Die SPD hat im Saarland einen sensationellen Erfolg hingelegt, die CDU die Wahl komplett versemmelt. Die Wähler wollen weder Tobias Hans, den Ministerpräsidenten ohne Fortune, noch seine Partei länger in der ersten Reihe sehen. Das ist der wesentliche Teil der Botschaft des Wahltages. Auch wenn das Saarland klein und auf der großen politischen Bühne nicht allzu bedeutsam ist, strahlt das Ergebnis weit ins Land. Sehr zur Freude der SPD, sehr zum Verdruss der CDU.

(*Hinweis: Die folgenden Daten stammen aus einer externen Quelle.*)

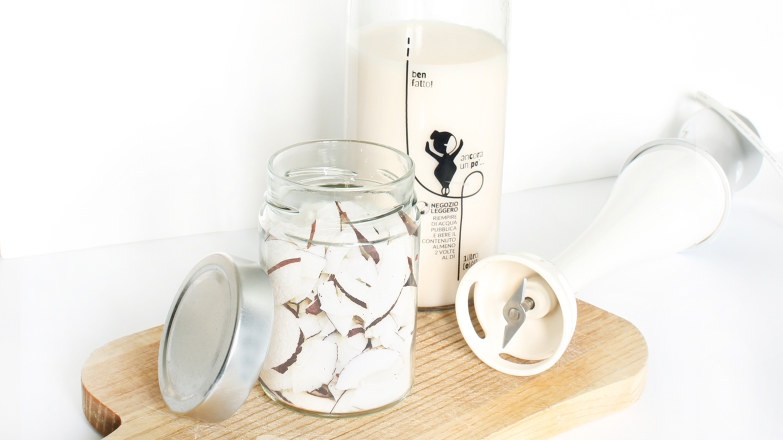 Scaldare il litro di acqua e portarlo alla temperatura di 80°. Aggiungere il cocco a fette e il sale e lasciare in ammollo per una notte intera in frigorifero.
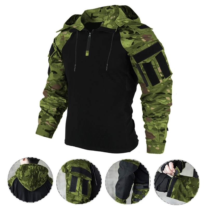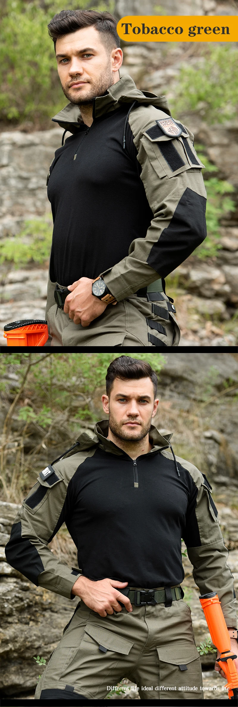 HAN WILD-Camiseta de algodón de camuflaje para escalada y combate, camisa táctica para hombre, resistente al desgaste, Airsoft, Paintball, ropa de caza y acampada

Für die Bundes-CDU kommt die haushohe Niederlage zur Unzeit. Erst die Bundestagswahl verloren, dann die Führungsmannschaft ausgetauscht: Runderneuert, wie die Partei ist, wollten die Konservativen mit der Saar-Wahl ein erstes Zeichen setzen – und senden: Wir haben verstanden, wir sind wieder da, wir wollen regieren. Das ging gründlich schief. Die Niederlage kam nicht unerwartet. In Berlin hatte CDU-Generalsekretär Mario Czaja die Wahl für seine Partei schon in der vergangenen Woche verloren gegeben. Schuld: die Landespartei und ihr Spitzenpersonal. Auf dass bloß nichts kleben bleibt am neuen Hoffnungsträger Friedrich Merz. Unterstützung geht anders.

Rot-Grün ist denkbar

Auf die erfolgreiche SPD und ihre Spitzenfrau Anke Rehlinger kommt nun die spannende Aufgabe der Regierungsbildung zu. Rot-Grün ist denkbar, eine Ampel, eine sozialliberale Regierung und natürlich die Fortsetzung der großen Koalition unter veränderten Vorzeichen. Selbst die absolute Mehrheit lag für die SPD am Abend im Bereich des Möglichen. Für die Genossen eine überaus komfortable Situation.

Für den glücklosen Hans ist das Wahlergebnis hingegen ein Albtraum. Er und die CDU sind ins Bodenlose gestürzt. Im Angesicht einer solchen Niederlage ist die Fortsetzung einer politischen Karriere eigentlich undenkbar.